OpenCV implementation

前言

在學校的課堂上實做的作業，整理了一下心得用法給之後會用到的人參考

使用方法

#usage
# create a conda environment first
pip install -r required.txt
python main.py

使用者介面

實作功能

手刻背景去除及前景檢測 Background Subtraction
運用光流法來實現影片特徵點追蹤 Video Tracking using Optical Flow ( cv2.SimpleBlobDetector, calcOpticalFlowPyrLK )
使用OpenCV的aruco，來偵測特定marker，並將圖片任一張圖片縮放嵌入至marker所包圍的區域(cv2.aruco)
運用PCA做影像重建

Read File

# Read File
root = tkinter.Tk()
root.withdraw() #use to hide tkinter window
tempdir = fd.askopenfilename(initialdir = os.getcwd(), title = "Select file", filetypes = (("mp4 files","*.mp4"),("all files","*.*")))
if len(tempdir) > 0:
    print("video Path: %s",tempdir)
self.vidcap = cv2.VideoCapture(tempdir)
self.video_label.setText("video loaded")

1. Background Subtraction

我們在這次實作中，試著不使用OpenCV的函式 cv2.createbackgroundSubtrator()

原理

簡單來說，就是要我們在前25個frame中，對每一個pixel計算出他們的平均跟標準差，當作我們的背景資訊，再透過計算接下來的frame的每個pixel跟我們前面計算的mean的差距是不是大於5倍的標準差，是的話就是前景，設為白，否的話就是背景，設為黑，也就是下式

$$ If \space Frame(x , y) - mean > std*5 ,then \space mask(x , y) = 255 $$

$$ If \space Frame(x , y) - mean < std*5 ,then \space mask(x , y) = 0 $$

# Progress
cv2.namedWindow('Video', cv2.WINDOW_AUTOSIZE)
frames = []
set = False  #flag for 25+ frame

while self.vidcap.isOpened():
    ret, frame = self.vidcap.read()
    if not ret:
        break

    frame = np.array(frame)
    gray = cv2.cvtColor(frame, cv2.COLOR_BGR2GRAY) # Convert video frames to Gray 
    result  = np.zeros_like(gray)   # all to be 0     
    removebg = np.zeros_like(gray)  # all to be 0   
    img_show = cv2.hconcat([frame, frame, frame])  #預先設定顯示圖片為0

    if len(frames) < 25:         
        frames.append(gray)

    elif len(frames) == 25:
        all_frames = np.array(frames)
        mean = np.mean(all_frames, axis=0) #build a gaussian model with mean
        std = np.std(all_frames, axis=0) #build a gaussian model with standard deviation 
        std[std < 5] = 5 # if standard deviation is less then 5, set to 5
        set = True
    if set :
        # after 26th fram
        diff = np.subtract(gray, mean) # 將frame與mean相減
        diff = np.absolute(diff)     
        result[diff > (5*std)] = 255 #大於5*標準差，設為255
        gray_three_channel = cv2.cvtColor(result, cv2.COLOR_GRA2BGR)  #result是灰階，轉回RGB
        removebg = cv2.bitwise_and(frame, gray_three_channel) #與原圖做and
        img_show = cv2.hconcat([frame, gray_three_channel, removebg]) #將原圖、mask、結果合併
    
    cv2.imshow('Video', img_show)
    if cv2.waitKey(1) & 0xFF == ord('q'):
        break

這邊解釋一下最後幾行

gray_three_channel = cv2.cvtColor(result, cv2.COLOR_GRA2BGR)

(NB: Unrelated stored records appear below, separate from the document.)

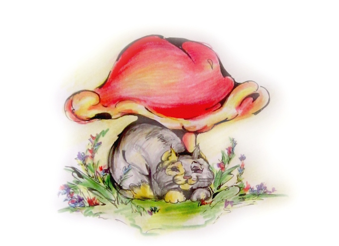 Кот выпрыгнул из-под большого красного гриба и побежал впереди, теперь то и ему перестало быть страшно, раз друг не боится.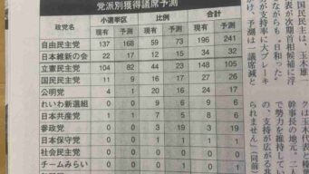エッヂ 【議席予想】文春「自民党は単独過半数取れる、立憲は43議席減る」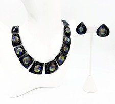 Gorgeous Vintage Mid-Century Austria Enamel Necklace & Clip Earrings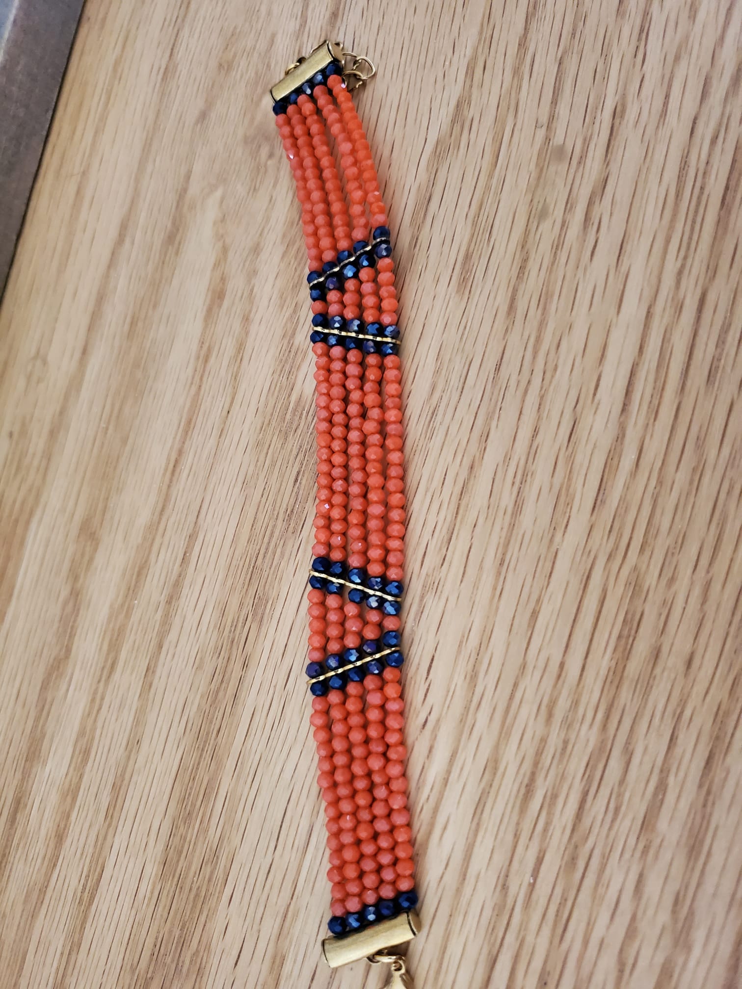 .SUMAK Bracelet - 5 Strand in Dark Coral with Dark Blue Accents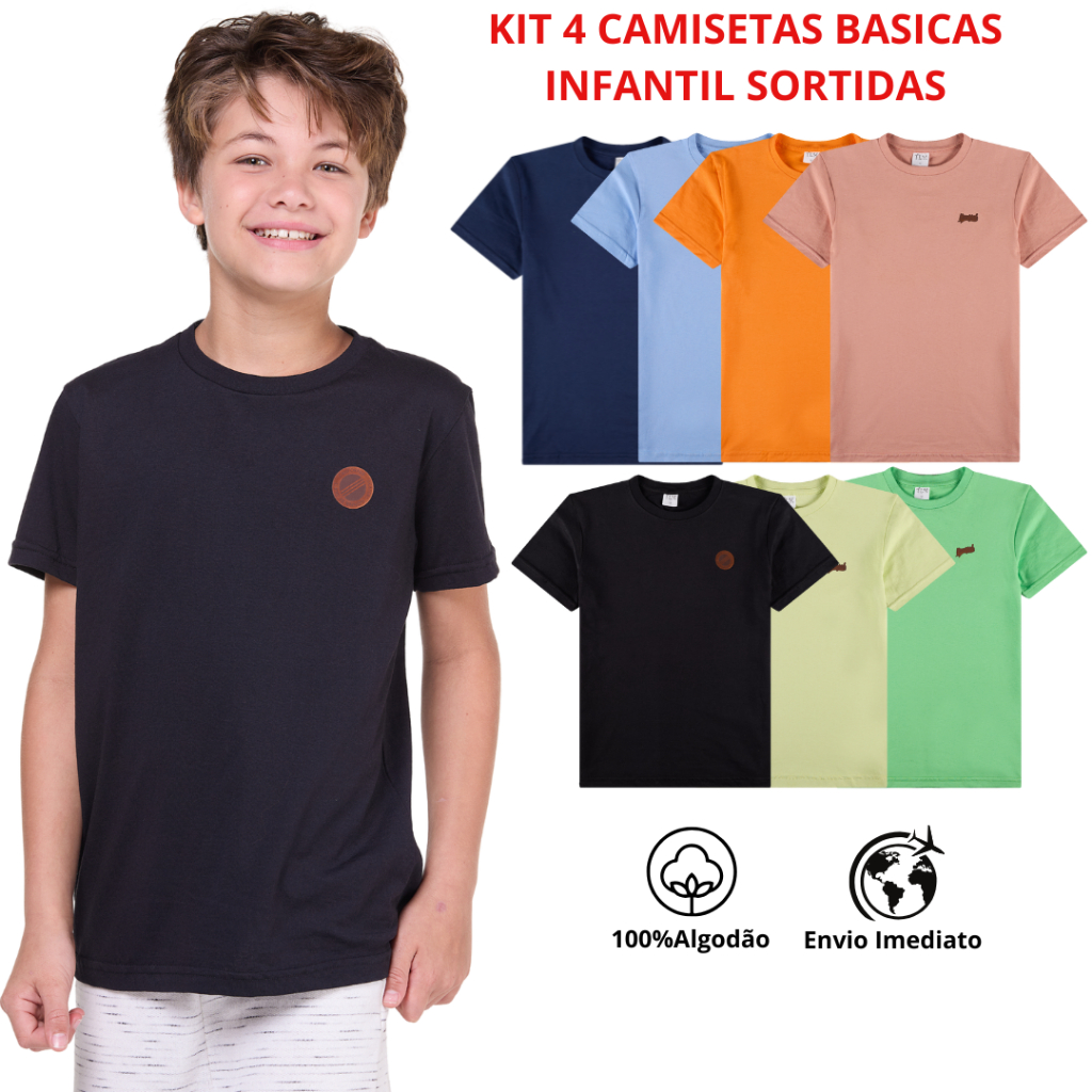 Kit 4 Camisetas em Meia Malha Premium Juvenil e Infantil Básica com Aplique Tamanho 2 ao 16

將他轉回RGB是因為他現在是灰階，每個pixel只有一個值，轉為灰階才能跟其他照片做and

removebg = cv2.bitwise_and(frame, gray_three_channel) #與原圖做and

cv2.bitwise的相關操作可以看這篇 https://ithelp.ithome.com.tw/articles/10248721

與原圖做bitwise_and的原因是因為我做完與mean,std的比較後，背景是黑(0)，前景為白(255)，你與0做bitwise_and就會變成黑色，與255做bitwise_and就會保留原有值，因此上面式子就可以做到把圖片中的前景提取出來，讓背景變為黑。

Result

2. Video Tracking using calcOpticalFlowPyrLK and SimpleBlobDetector

2-1 SimpleBlobDetector on First Frame of Video

目標 : 讀取影片的第一個frame並偵測出腳上的斑點，並用田字框起來

# Setup SimpleBlobDetector parameters.
self.params = cv2.SimpleBlobDetector_Params()

# Change thresholds
self.params.minThreshold = 50
self.params.maxThreshold = 255

# Filter by Area.
self.params.filterByArea = True
self.params.minArea = 35
self.params.maxArea = 90

# Filter by Circularity
self.params.filterByCircularity = True
self.params.minCircularity = 0.8

# Filter by Convexity
self.params.filterByConvexity = True
self.params.minConvexity = 0.8

# Filter by Inertia
self.params.filterByInertia = True
self.params.minInertiaRatio = 0.5

# Create a detector with the parameters
detector = cv2.SimpleBlobDetector_create(self.params)
_,frame = self.vidcap.read()

設定SimpleBlobDetector，給予你想要偵測的東西的一些條件我這邊是設定成一個檢測我範例中影片腳上的斑點，具體參數可以參考網路

https://blog.csdn.net/weixin_44901043/article/details/123275650

https://www.796t.com/content/1546661369.html

設定好後，將參數指定給一個detector做之後的檢測

# Detect blobs.
keypoints = detector.detect(frame)
pts = cv2.KeyPoint.convert(keypoints)

SimpleBlobDetector的dectector.detect所拿到的keypoints的資料型態為cv2.keypoints的格式，會包含更多資訊，但我們在這邊不需要，於是使用他內鍵函式cv2.KeyPoint.convert，可以將cv2.keypoints轉成Point2f格式，即可取得點的x,y座標

for i in range(len(pts)):
    cv2.rectangle(frame, (int(pts[i][0])-6, int(pts[i][1])-6), (int(pts[i][0])+6, int(pts[i][1])+6), (0,255,0), 1, cv2.LINE_AA)
    cv2.line(frame, (int(pts[i][0])-6, int(pts[i][1])), (int(pts[i][0])+6, int(pts[i][1])), (0,255,0), 1, cv2.LINE_AA)
    cv2.line(frame, (int(pts[i][0]), int(pts[i][1])-6), (int(pts[i][0]), int(pts[i][1])+6), (0,255,0), 1, cv2.LINE_AA)
# Draw detected blobs as red circles.
#frame_with_keypoints = cv2.drawKeypoints(frame, keypoints, np.array([]), (0,0,255), cv2.DRAW_MATCHES_FLAGS_DRAW_RICH_KEYPOINTS)

# Show keypoints
cv2.imshow("Keypoints", frame)
#cv2.imshow("Keypoints", frame_with_keypoints)
cv2.waitKey(0)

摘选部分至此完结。